Task to carry out>
Write out exactly the lines from the one that contains "флагами шли молодые" down to the last line of the material below, keeping both ends and omitting pictures.

Extracted entries>
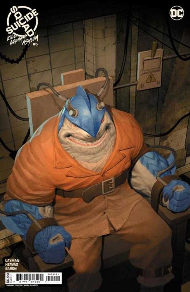 He may have the sharpest teeth in the sea, but he's not the sharpest tool in the shed. Talkin' 'bout King Shark, who's been locked away in Arkham where Amanda Waller has taken an extra-special interest in him. Now there's a full-scale riot going on, and King Shark knows Waller is behind it. Can he survive the blood frenzy long enough to figure out her master plan? The prequel to Rocksteady’s Suicide Squad: Kill the Justice League comes to its epic conclusion. Read the book, then play the game! Each print issue includes a redeemable code for a bonus digital doll in Suicide Squad: Kill the Justice League inspired by the comics. Get the new Clayface digital doll with issue #4. Paying subscribers with a DC UNIVERSE INFINITE Annual or Ultra subscription (U.S. only) who read the digital issues of Suicide Squad: Kill Arkham Asylum will also receive these bonus digital codes.
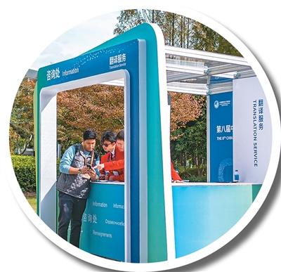 日前,进博会志愿者在国家会展中心(上海)为外国展商指路。王 初摄(人民视觉)
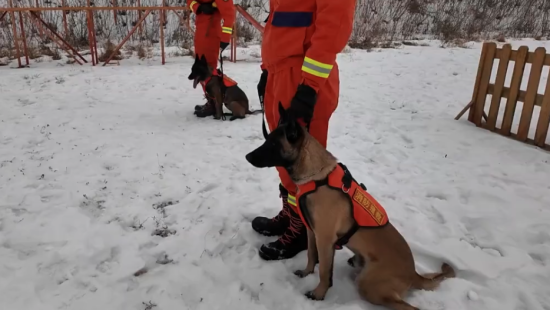 吉林長(zhǎng)春:新搜救犬冬訓(xùn)磨練“十八般武藝”
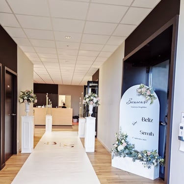 Supplément de 50€ par composition florale sur la colonne et 25€ par bougeoir sur colonne
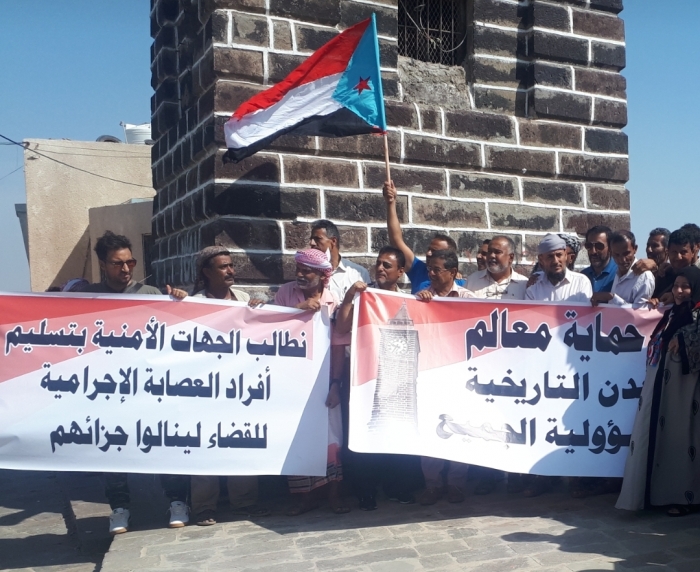 شارك المئات من أبناء العاصمة عدن، في وقفة احتجاجية، صباح اليوم الأحد، لإدانة محاولات الاعتداء المتكررة على حرم المعلم التاريخي "بيج بن" من عناصر مسلحة خارجة على القانون.
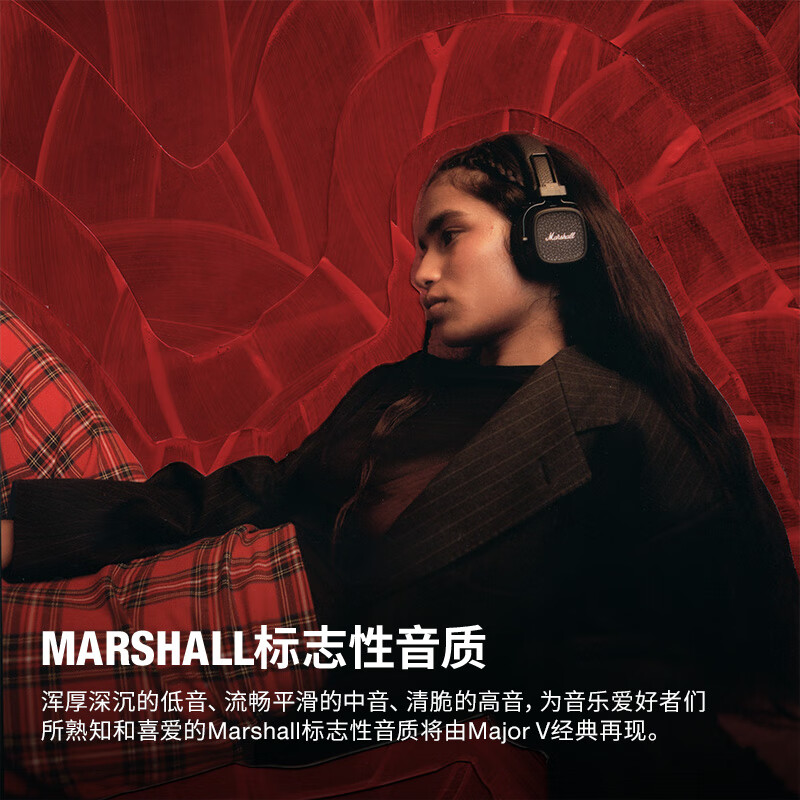 MARSHALL(马歇尔)MAJOR V耳机头戴式无线蓝牙重低音长续航可折叠5代耳麦 黑色价格:1299.00元!
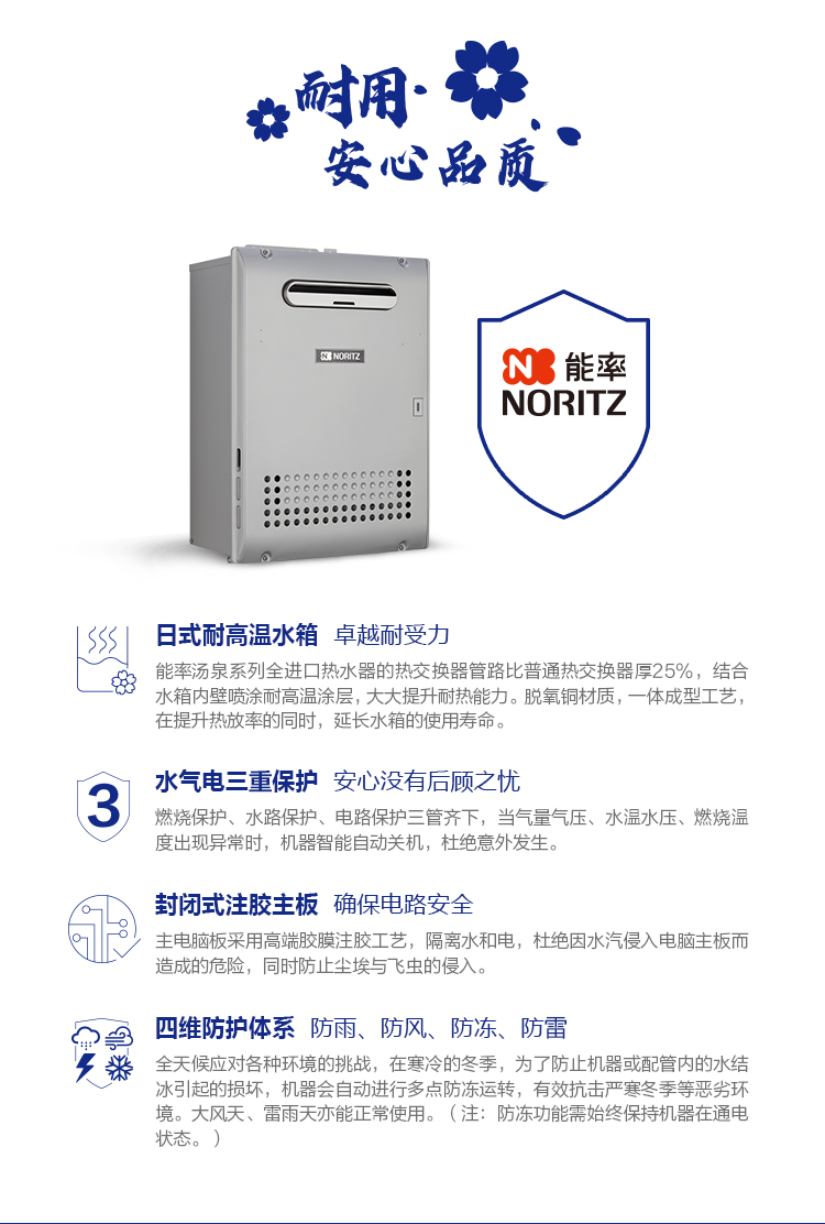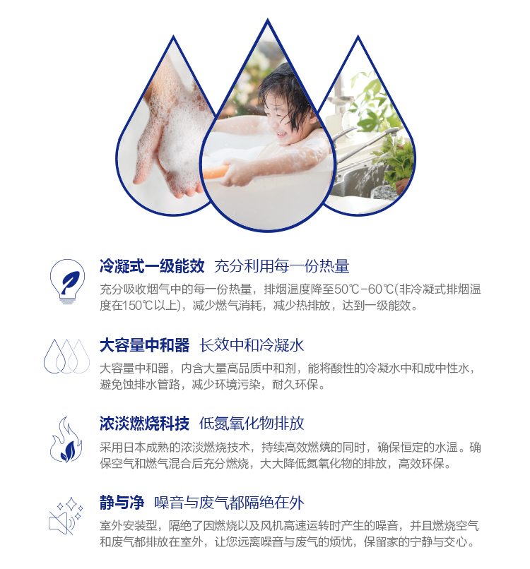 安全装置:熄火安全、防空烧安全、停电时安全、过热安全、导向防雷、防过压安全、防冻、中和器堵塞检测、风机转速检测、防沸腾、防漏电安全、防过电流装置
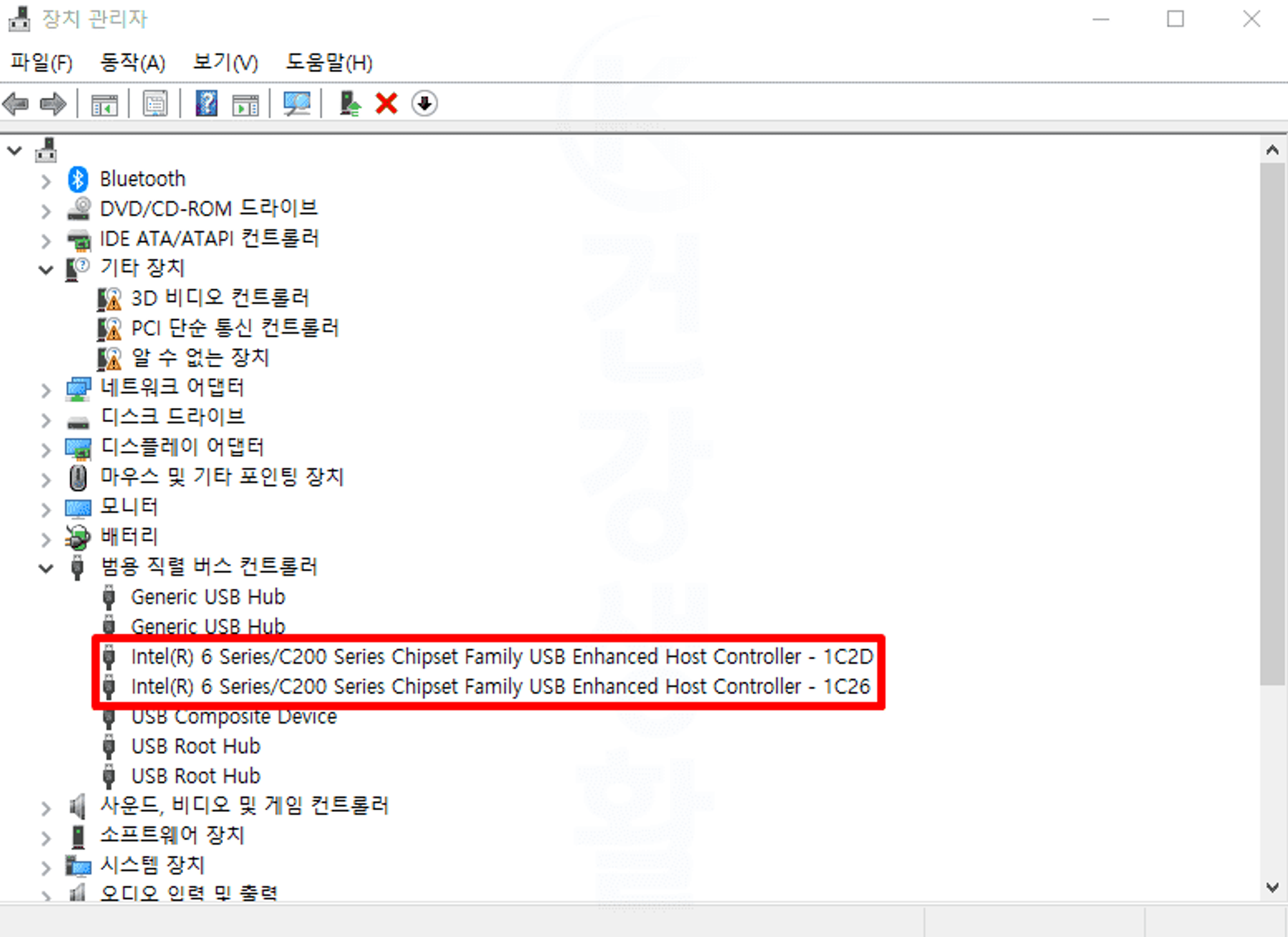 인텔제품을 일 경우 Intel(R) Series USB와 같은 형태로 2개의 포트가 보여지는 것을 볼 수 있습니다. 만약 다른 메인보드를 이용하고 계시다면 이름이 조금 다를 수 있지만 뒤의 'Controller'가 붙은 것이 사용가능한 USB 포트를 의미하니 찾는데 어려움이 없습니다. 만약 USB 포트가 보이지 않는다면 해당 메인보드 제조사 사이트에서 드라이버를 찾아서 최초 설치를 진행하셔야 합니다.
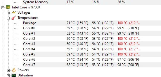 Bước 3: Xem nhiệt độ hiển thị theo từng lõi (Core 1, Core 2,…).
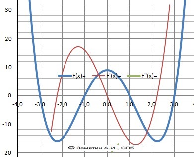 x₁ = 0, x₂.₃ = +/- √(5 ≈ +/- 2.24 - ОТВЕТ - рис. 1..
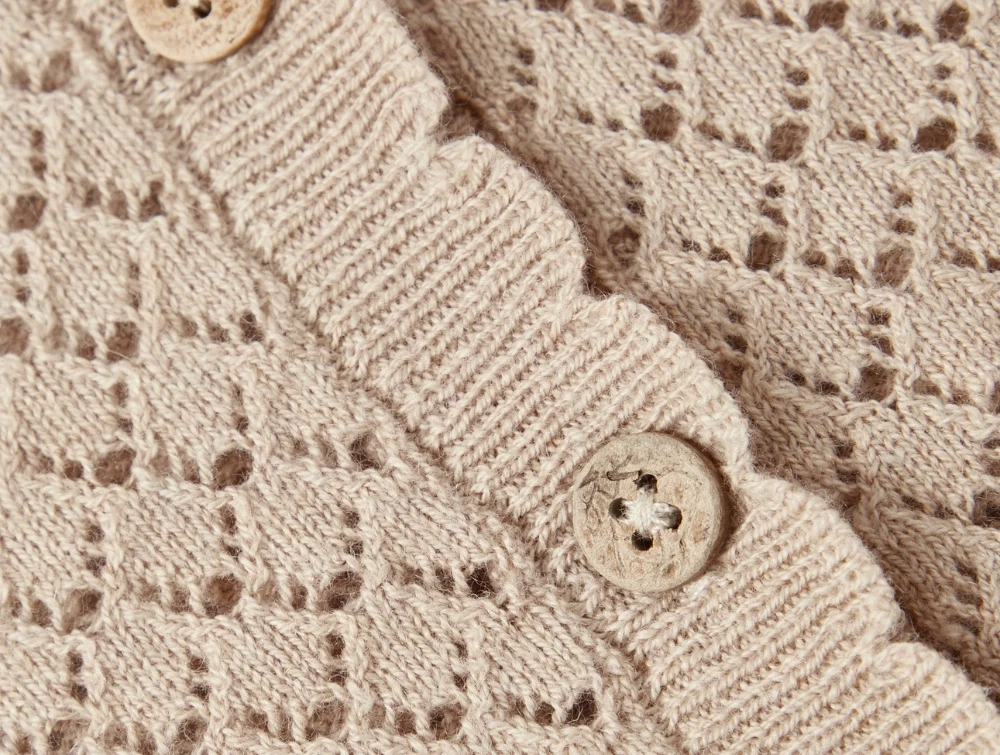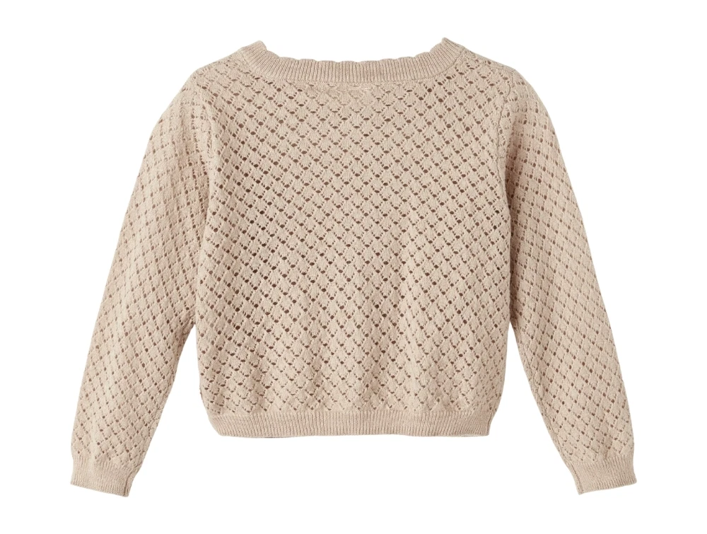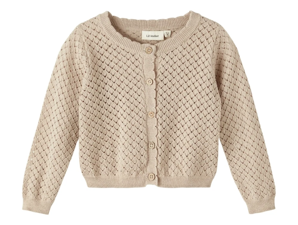 Cardigan med hulmønster i farven humus melange fra Lil' Atelier.
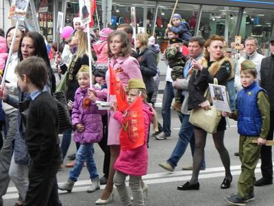 флагами шли молодые люди и молодые семьи. Запомнилась семья: мальчик лет шести
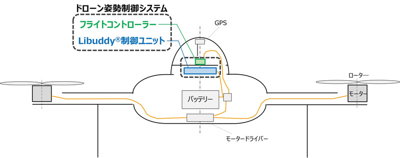 点検・測量や短距離物流などに利用されるマルチローター型ドローンは、複数のプロペラのローター回転数を制御することで飛行している。この制御には、複数のセンサーに基づく安定姿勢の演算とローターへの指令といった高い応答性が求められる。

Reply>
 флагами шли молодые люди и молодые семьи. Запомнилась семья: мальчик лет шести
 点検・測量や短距離物流などに利用されるマルチローター型ドローンは、複数のプロペラのローター回転数を制御することで飛行している。この制御には、複数のセンサーに基づく安定姿勢の演算とローターへの指令といった高い応答性が求められる。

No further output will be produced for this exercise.